BEGIN
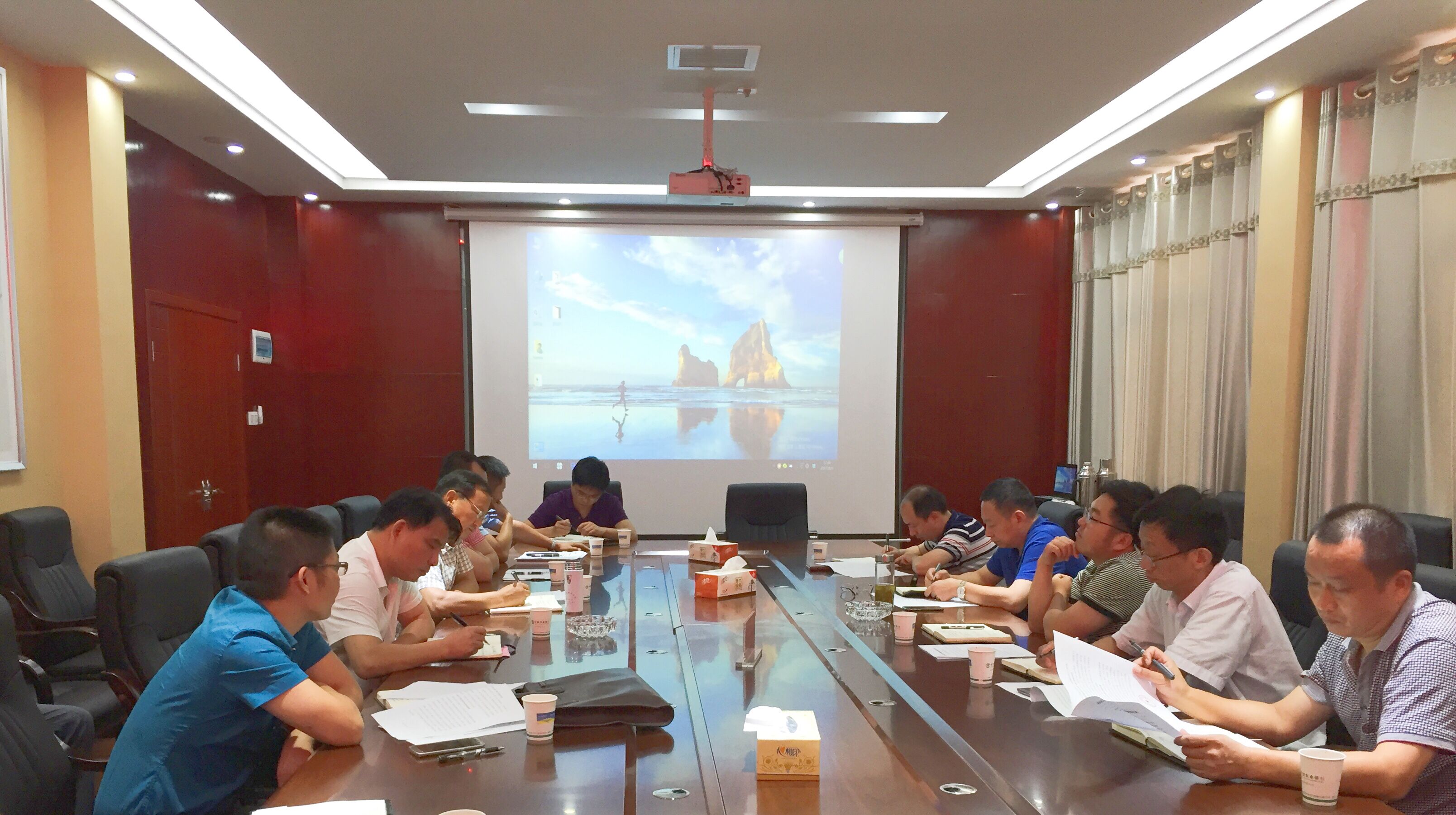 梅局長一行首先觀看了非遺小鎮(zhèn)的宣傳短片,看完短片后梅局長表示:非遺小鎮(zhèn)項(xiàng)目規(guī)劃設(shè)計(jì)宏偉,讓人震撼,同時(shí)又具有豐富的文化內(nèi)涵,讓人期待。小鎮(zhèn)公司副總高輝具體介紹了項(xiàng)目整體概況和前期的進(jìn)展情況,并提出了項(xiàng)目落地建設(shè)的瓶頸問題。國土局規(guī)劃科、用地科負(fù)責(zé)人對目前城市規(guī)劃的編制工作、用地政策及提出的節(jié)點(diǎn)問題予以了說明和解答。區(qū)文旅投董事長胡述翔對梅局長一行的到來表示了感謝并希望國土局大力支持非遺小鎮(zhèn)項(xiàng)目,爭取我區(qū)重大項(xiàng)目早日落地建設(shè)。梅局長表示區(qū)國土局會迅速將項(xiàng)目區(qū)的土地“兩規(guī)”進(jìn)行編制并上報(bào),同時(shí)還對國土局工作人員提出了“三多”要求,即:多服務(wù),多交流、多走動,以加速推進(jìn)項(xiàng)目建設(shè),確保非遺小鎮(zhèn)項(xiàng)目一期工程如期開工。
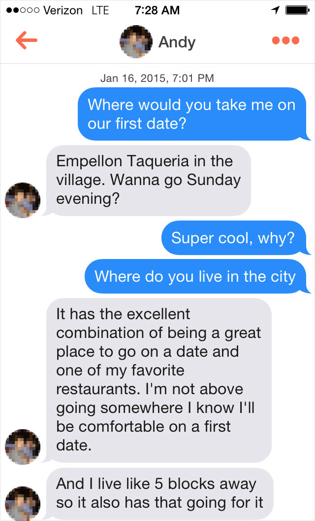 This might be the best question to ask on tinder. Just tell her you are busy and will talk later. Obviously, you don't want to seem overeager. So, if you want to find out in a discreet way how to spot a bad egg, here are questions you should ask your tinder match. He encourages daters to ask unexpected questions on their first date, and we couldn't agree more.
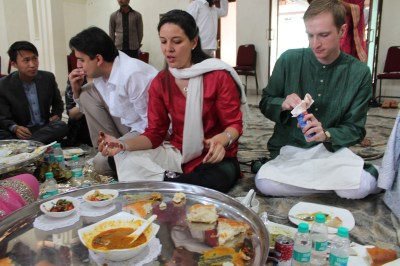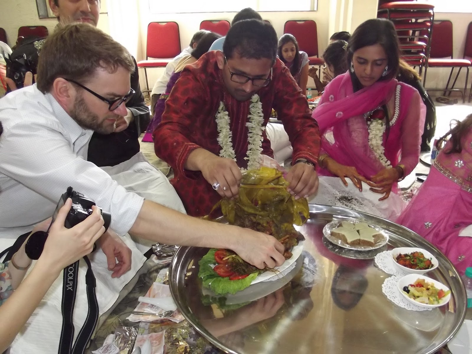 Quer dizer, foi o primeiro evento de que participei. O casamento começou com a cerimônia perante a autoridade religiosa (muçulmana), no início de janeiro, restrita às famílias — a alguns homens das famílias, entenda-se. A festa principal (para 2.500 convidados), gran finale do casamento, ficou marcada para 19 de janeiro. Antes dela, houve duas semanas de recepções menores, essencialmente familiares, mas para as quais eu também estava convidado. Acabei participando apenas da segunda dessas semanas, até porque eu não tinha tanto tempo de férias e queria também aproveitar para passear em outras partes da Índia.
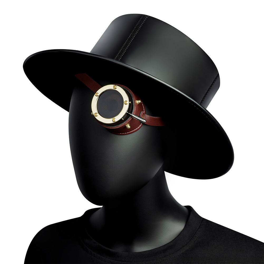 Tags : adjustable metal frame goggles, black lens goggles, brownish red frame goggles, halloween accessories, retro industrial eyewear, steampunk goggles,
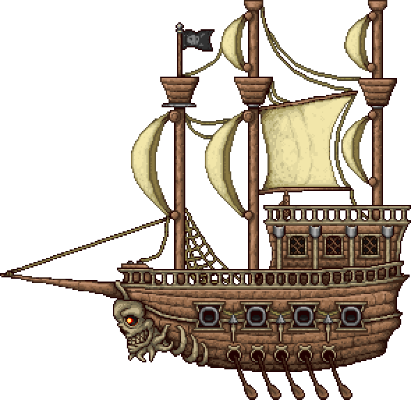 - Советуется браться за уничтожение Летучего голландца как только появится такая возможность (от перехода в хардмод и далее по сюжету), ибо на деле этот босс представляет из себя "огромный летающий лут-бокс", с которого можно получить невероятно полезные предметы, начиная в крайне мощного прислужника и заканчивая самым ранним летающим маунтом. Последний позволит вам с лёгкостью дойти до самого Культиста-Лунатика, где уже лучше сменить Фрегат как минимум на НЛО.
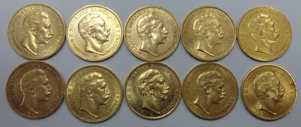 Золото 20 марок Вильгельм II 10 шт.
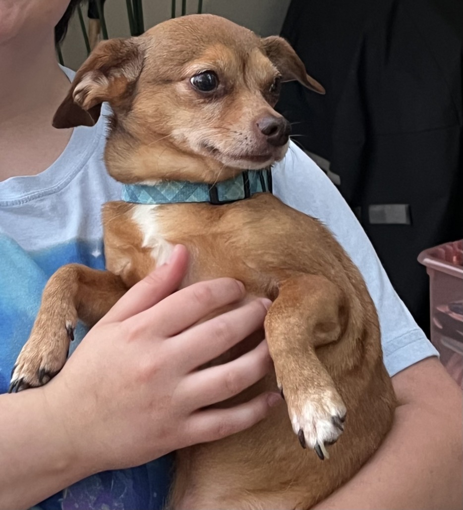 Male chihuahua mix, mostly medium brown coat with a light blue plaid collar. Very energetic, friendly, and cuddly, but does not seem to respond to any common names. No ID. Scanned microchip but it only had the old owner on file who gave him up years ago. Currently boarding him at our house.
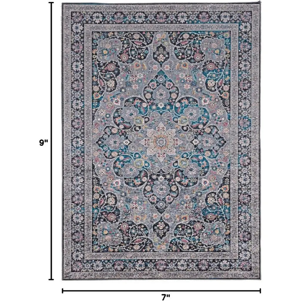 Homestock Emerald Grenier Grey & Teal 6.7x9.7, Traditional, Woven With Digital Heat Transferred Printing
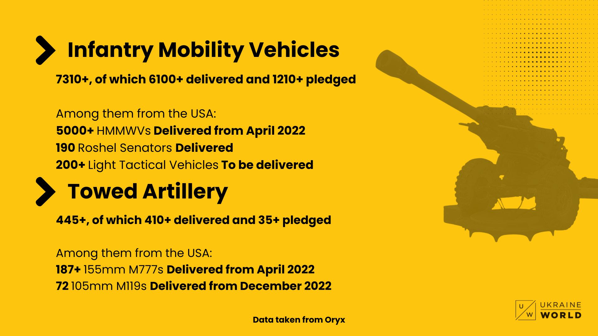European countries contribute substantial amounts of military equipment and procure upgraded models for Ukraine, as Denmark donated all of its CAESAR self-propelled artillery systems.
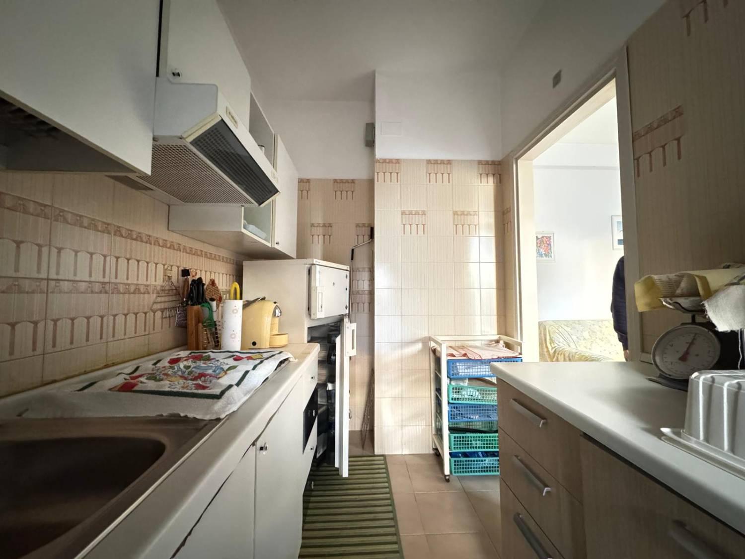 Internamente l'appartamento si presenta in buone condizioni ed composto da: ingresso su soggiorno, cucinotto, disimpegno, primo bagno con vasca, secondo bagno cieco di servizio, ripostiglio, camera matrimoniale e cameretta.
END
### Goal of the exercise
No pictures belong in the answer, only the lines from the top of the listing through the line containing "This might be", repeated word for word.

### The completed task
 梅局長一行首先觀看了非遺小鎮(zhèn)的宣傳短片,看完短片后梅局長表示:非遺小鎮(zhèn)項(xiàng)目規(guī)劃設(shè)計(jì)宏偉,讓人震撼,同時(shí)又具有豐富的文化內(nèi)涵,讓人期待。小鎮(zhèn)公司副總高輝具體介紹了項(xiàng)目整體概況和前期的進(jìn)展情況,并提出了項(xiàng)目落地建設(shè)的瓶頸問題。國土局規(guī)劃科、用地科負(fù)責(zé)人對目前城市規(guī)劃的編制工作、用地政策及提出的節(jié)點(diǎn)問題予以了說明和解答。區(qū)文旅投董事長胡述翔對梅局長一行的到來表示了感謝并希望國土局大力支持非遺小鎮(zhèn)項(xiàng)目,爭取我區(qū)重大項(xiàng)目早日落地建設(shè)。梅局長表示區(qū)國土局會迅速將項(xiàng)目區(qū)的土地“兩規(guī)”進(jìn)行編制并上報(bào),同時(shí)還對國土局工作人員提出了“三多”要求,即:多服務(wù),多交流、多走動,以加速推進(jìn)項(xiàng)目建設(shè),確保非遺小鎮(zhèn)項(xiàng)目一期工程如期開工。
 This might be the best question to ask on tinder. Just tell her you are busy and will talk later. Obviously, you don't want to seem overeager. So, if you want to find out in a discreet way how to spot a bad egg, here are questions you should ask your tinder match. He encourages daters to ask unexpected questions on their first date, and we couldn't agree more.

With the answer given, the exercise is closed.